Last night after a very long evening, I sank into bed, said some tender good nights to my husband, closed my eyes and dropped into the core of who I am. This feels like going into the heart area of my body. My heart seems to be like a doorway to this deeper place inside that feels like home.

Moi?

I’ve searched for this nameless place most of my life and have also pretty much ignored it. It seemed like just me. And that seemed like the least likely place to find what I was looking for. I wanted something more magnificent, more ecstatic, more whole, and thoroughly complete. And I searched for it outside of myself—for so many years.

The Me Place

It’s been a long road of return to the core of me. And along the way something profound has been illuminated. This me place is like a room that feels like home. There is nothing in the room—no stuff, no objects. It is empty and at the same time, so full of existence and awareness. And more importantly it is the precious place where I can truly land. It is where I feel both my human existence and also the massive, open, light-filled door to another place that’s so far beyond me.

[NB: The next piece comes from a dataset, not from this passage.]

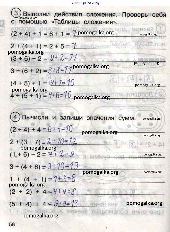 Готовые ответы - Математика 1 класс тетрадь для самостоятельной работы Захарова О.А. - тетрадь №2. страница 56

A place where I am released into an ecstatic freedom, joy and love that is beyond words.

Home Base

The me place is where I go when I need to pull in, after outward activity. It is also the place I need emerge from as I extend outward after a period of intense inward activity. It is my home base. It is there when I need the comfort of home and also when I need to expand beyond the confines of home. It is precious, just as my existence is precious. And when I honor my home base, and visit it frequently, somehow I am blessed with more of what my heart desires.